§ TASK MATERIAL
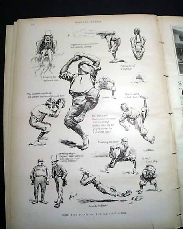 HARPER'S WEEKLY, New York, July 28, 1900  The prime feature would be the nice full page containing nine comic baseball prints captioned: "Some Fine Points of the National Game". A very displayable page on its own.
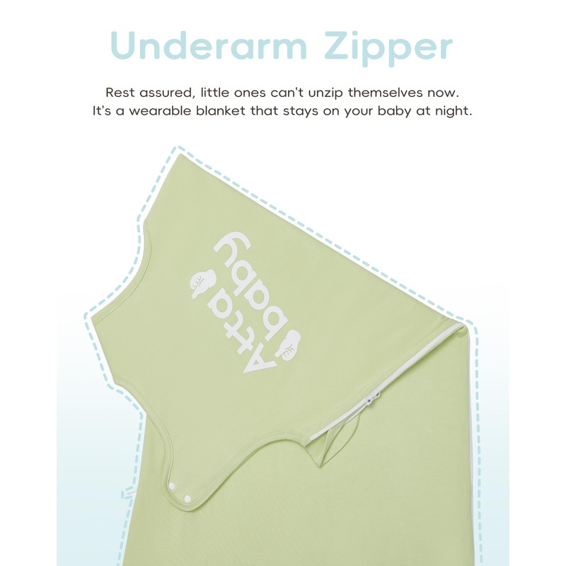 ATTABABY Sleep Sack 0-6 Months, Easy to Wear Side Opening & 2-Way Zipper Baby Wearable Blanket for Newborns, 0.5 TOG Breathable Rayon Made from Bamboo Infant Sleep Bag, Pastel Green
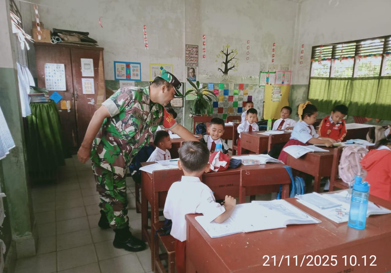 Media sinergitas TNI-Polri News, Simalungun – Suasana hangat dan penuh semangat tampak di SD Plus Tigabalata, Kelurahan Tigabalata, Kecamatan Jorlang Hataran, pada Jumat (21/11/2025). Babinsa Koramil 09/Tiga Balata Kodim 0207/Simalungun, Sertu Safrijal Lubis, hadir memberikan pembinaan Wawasan Kebangsaan (Wasbang) sekaligus motivasi belajar kepada para murid sekolah dasar tersebut.
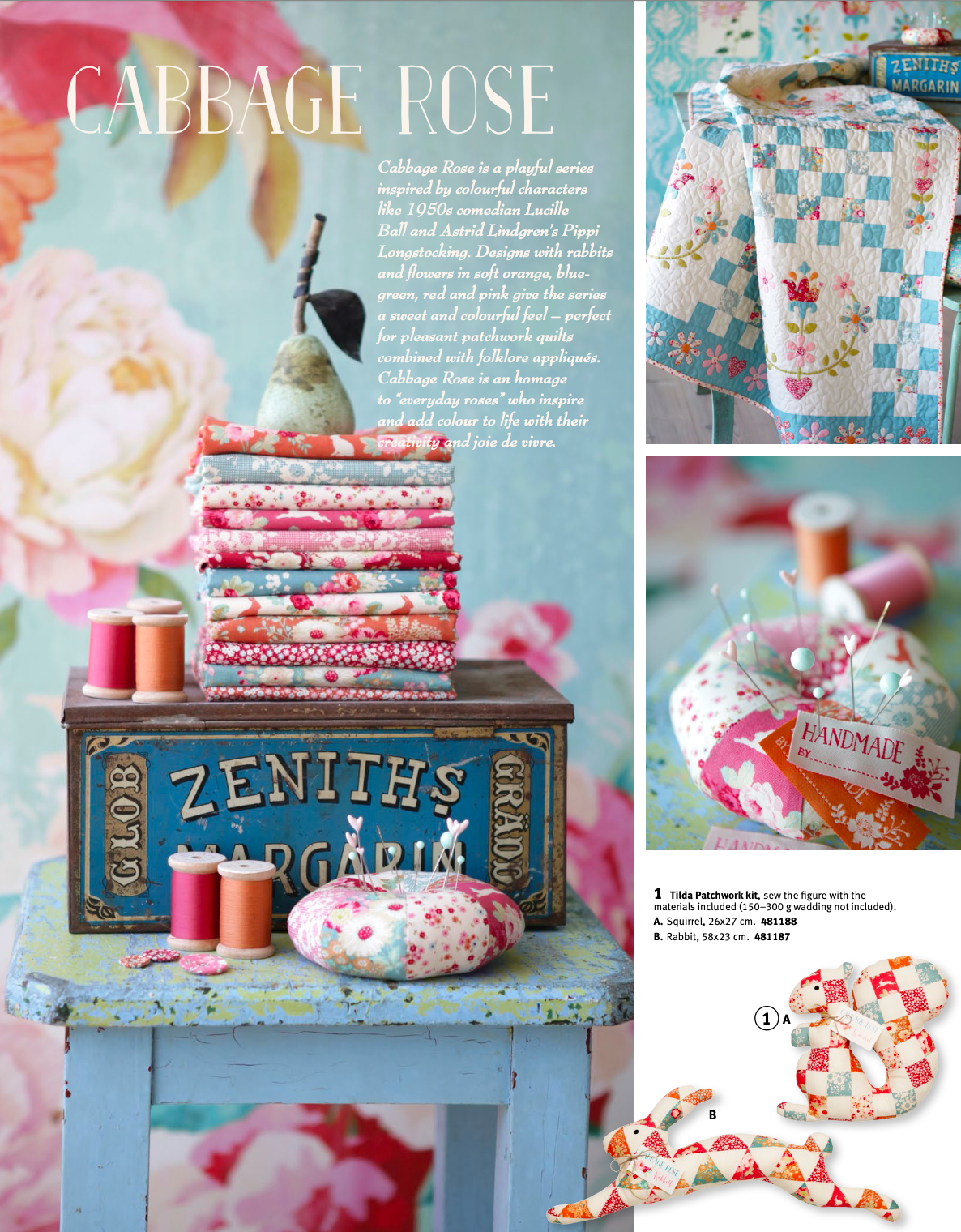 Tilda - Libby : Cabbage Roses / Memory Lane/Cabbage Roses (2色展開)
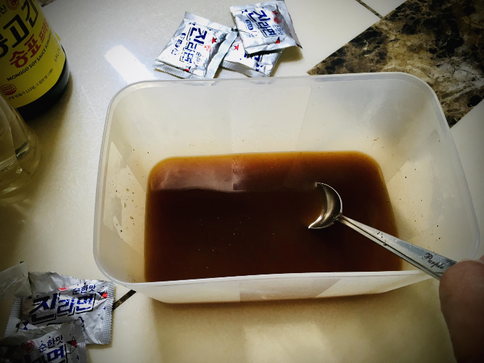 설탕2큰술, 라면스프1개, 간장2큰술, 식초2큰술 순서로 넣어주세요.
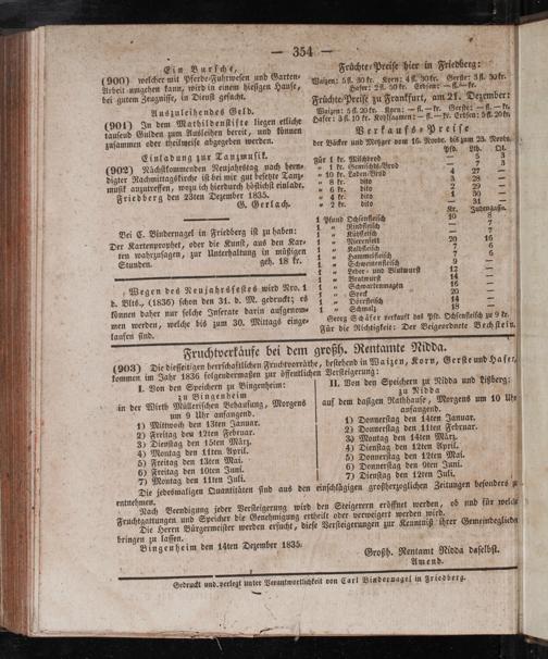 Einladung zur Tanzmuſik. (902) Nächſtkommenden Neujahrstag nach been⸗ digter Rachmittagskirche iſt bei mir gut beſetzte Tanz⸗ muſik anzutreffen, wozu ich hierdurch höflichſt einlade. Friedberg den 28ten Dezember 1835. 5 G. Gerlach.
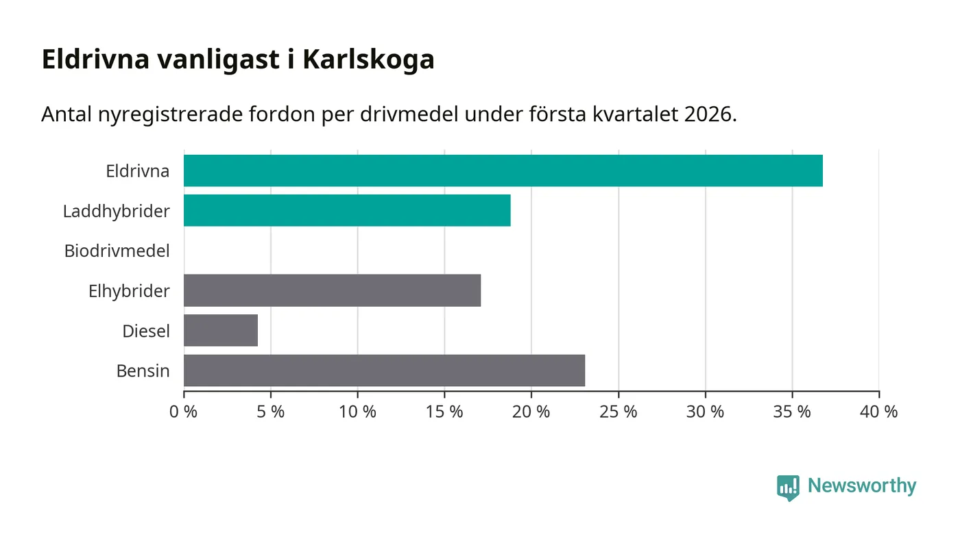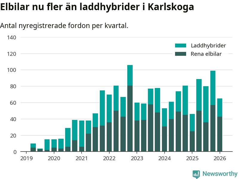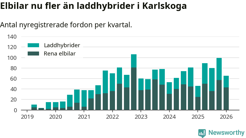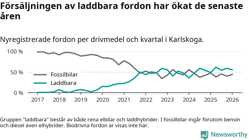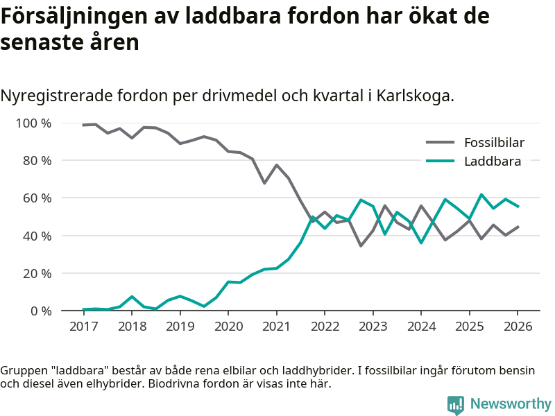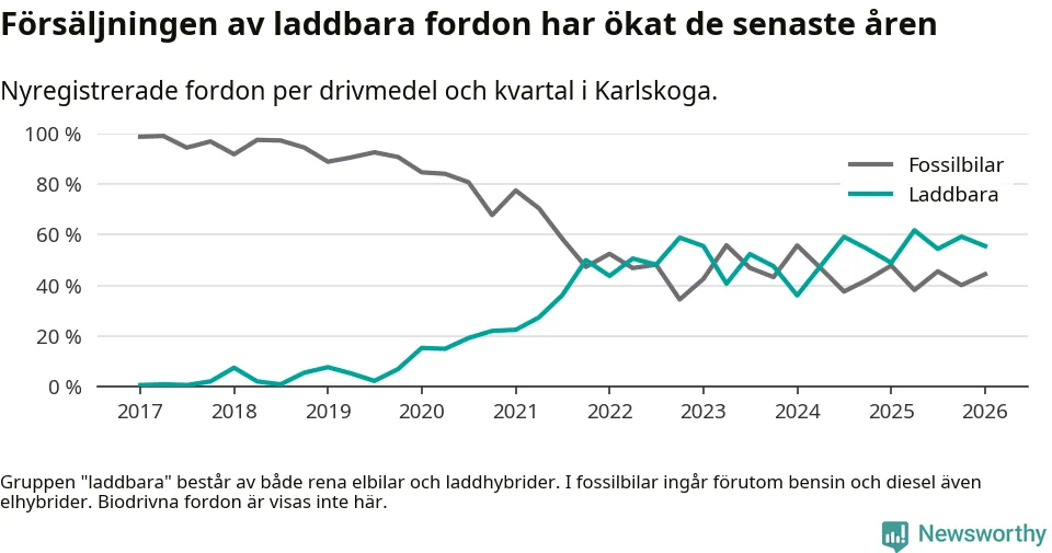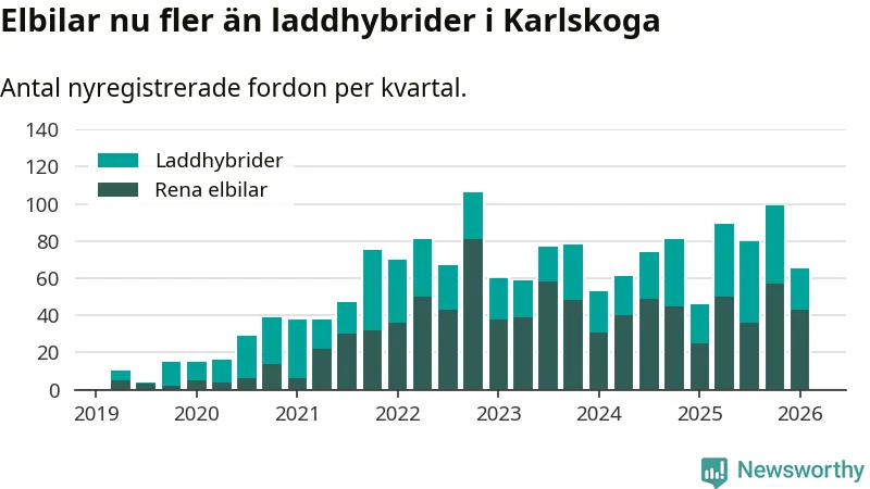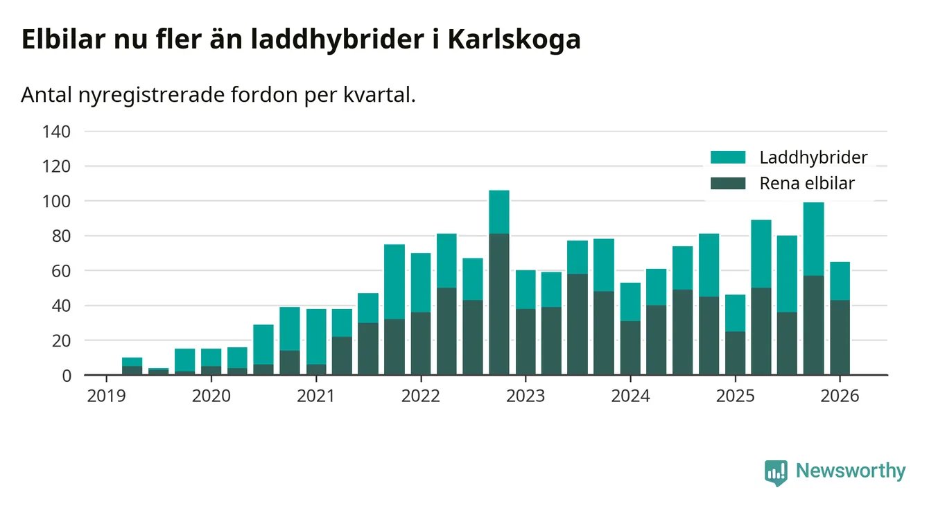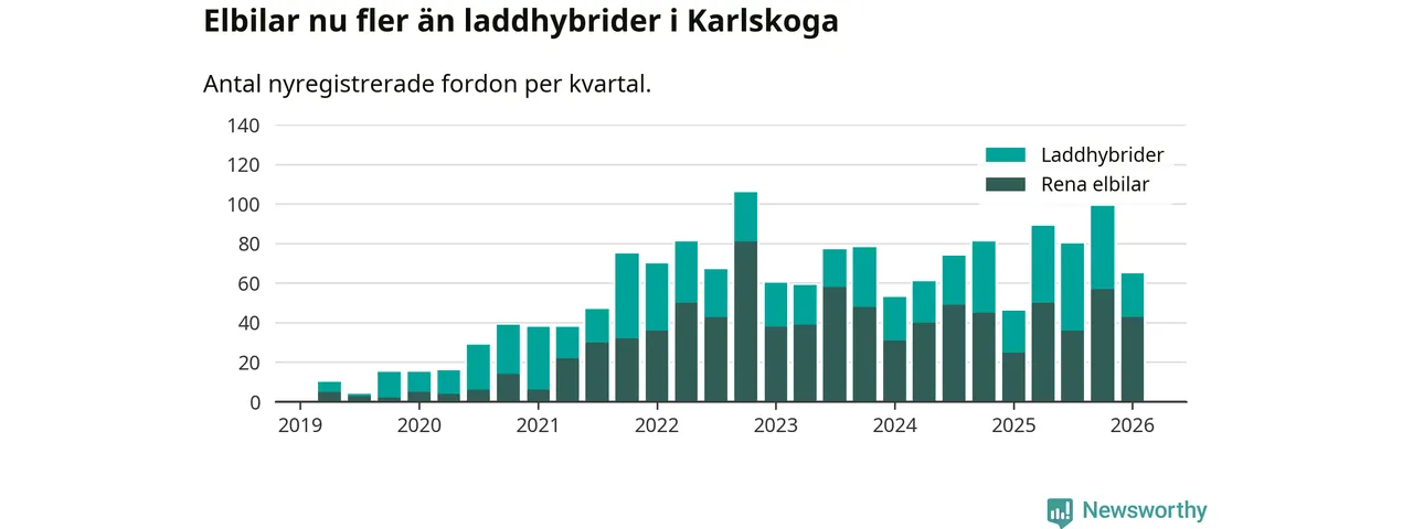 Under första kvartalet 2026 var 56 procent av alla nyregistrerade personbilar i Karlskoga laddbara (sammanlagt registrerades 117 nya bilar). Merparten av de laddbara bilarna var rena elbilar (37 procent av alla).

§ TASK DESCRIPTION
Without the pictures, repeat the entries above line by line, from the first through the one that contains "ATTABABY Sleep Sack", both ends included.

§ ANSWER BOX
 HARPER'S WEEKLY, New York, July 28, 1900  The prime feature would be the nice full page containing nine comic baseball prints captioned: "Some Fine Points of the National Game". A very displayable page on its own.
 ATTABABY Sleep Sack 0-6 Months, Easy to Wear Side Opening & 2-Way Zipper Baby Wearable Blanket for Newborns, 0.5 TOG Breathable Rayon Made from Bamboo Infant Sleep Bag, Pastel Green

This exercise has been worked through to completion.